Gowdy v. Gowdy

20 S.W.2d 170, 230 Ky. 545, 1929 Ky. LEXIS 116
CourtCourt of Appeals of Kentucky (pre-1976)
DecidedJune 14, 1929
StatusPublished
Cited by4 cases

This text of 20 S.W.2d 170 (Gowdy v. Gowdy) is published on Counsel Stack Legal Research, covering Court of Appeals of Kentucky (pre-1976) primary law. Counsel Stack provides free access to over 12 million legal documents including statutes, case law, regulations, and constitutions.

Bluebook
Gowdy v. Gowdy, 20 S.W.2d 170, 230 Ky. 545, 1929 Ky. LEXIS 116 (Ky. 1929).

Opinion

Opinion of the Court by

Commissioner Tinsley—

Affirming- in part and reversing in part.

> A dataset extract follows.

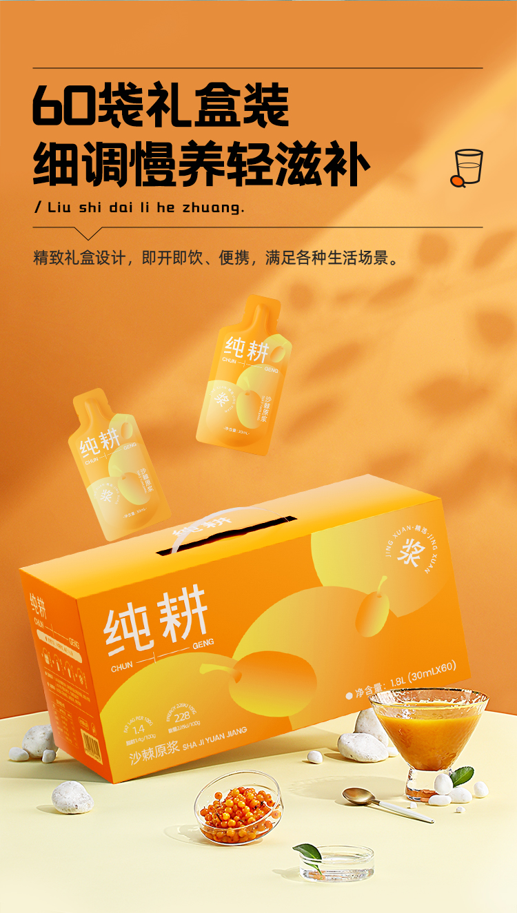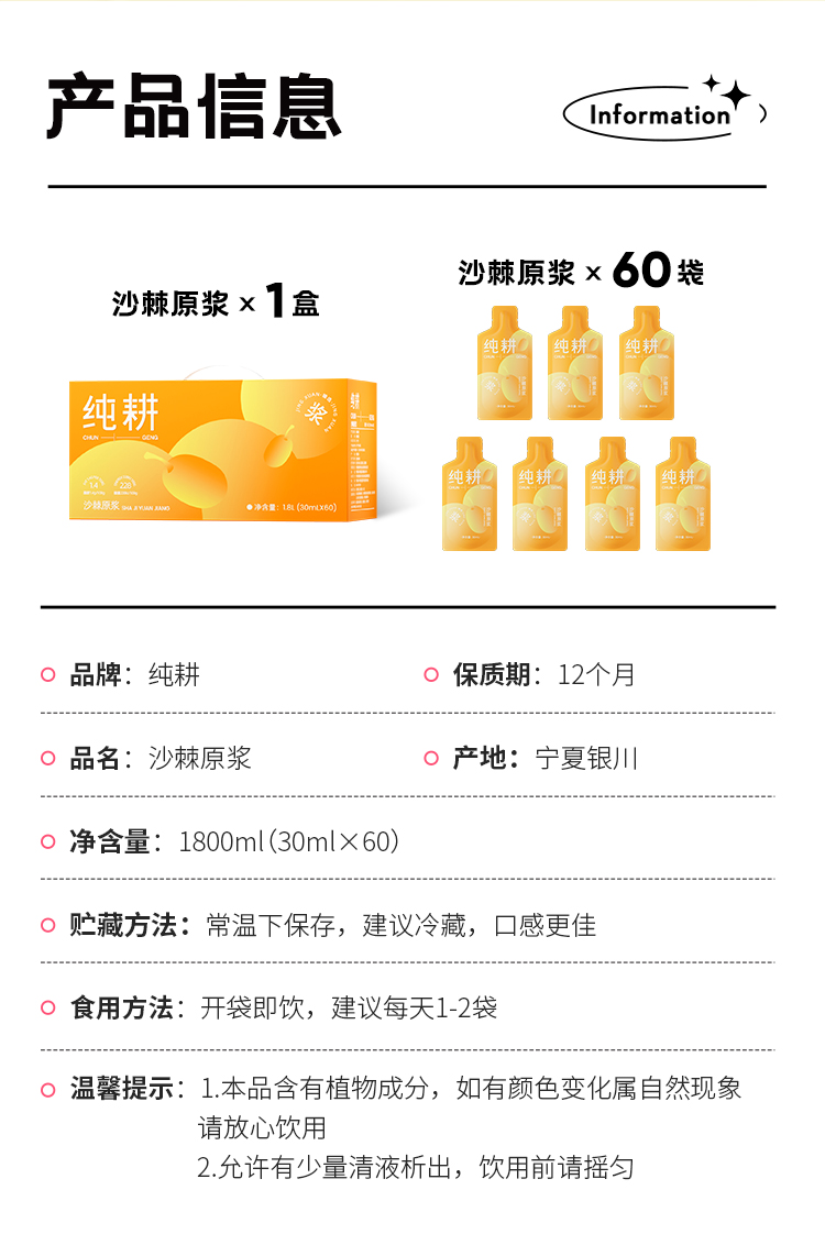 【冬季滋补】纯耕1.8L(60袋)量贩装沙棘原浆;赠试喝装;不添加糖类香精色素,鲜活营养小果沙棘,维C;黑枸杞沙棘原浆组合,青海原产黑枸杞原浆,富含花青素

The appellee, Hallene M. Gowdy, sued the appellant, David E. Gowdy, in the Marion circuit court for divorce and alimony on the ground of cruel and inhuman treatment. She was granted an absolute divorce, awarded alimony in the sum of $12,500, given the custody of their two, children, and an allowance of $60 per month for their support and maintenance; she was further adjudged to recover of the appellant the sum of $565, money loaned to him, and the further sum of $318, money collected by him from a loss by fire on furniture belonging to appellee; and her attorneys were allowed a fee of $500 to be taxed in the costs and paid by appellant. From so much of that judgment as awards alimony and an allowance for the maintenance of the children, and adjudges against him the two sums of money and allows appellee’s attor *547 neys a fee of $500, David E. Gowdy-has appealed. After the original judgment was entered and appellant had indicated his intention to appeal, on appellee’s motion therefor, she was allowed the sum of $100 per month pending this appeal. Appellant has prosecuted an appeal from that order also.

The first ground urged by counsel for a reversal is as to the competency of certain testimony. The appellee called the appellant as a witness, and took his deposition as if under cross-examination. His exceptions to this deposition were overruled. He complains of this on the ground that the taking of his deposition, in this manner, was for the purpose of getting into the record incompetent evidence with which to obtain an undue advantage of him and to prejudice his rights. Under section 606 of the Civil Code, appellee had the right to take his deposition as if under cross-examination, and by doing so she waived his competency as a witness. As to this he has no legal ground of complaint. Wilhelm v. Orlamuende’s Adm’x, 228 Ky. 719, 15 S. W. (2d) 511.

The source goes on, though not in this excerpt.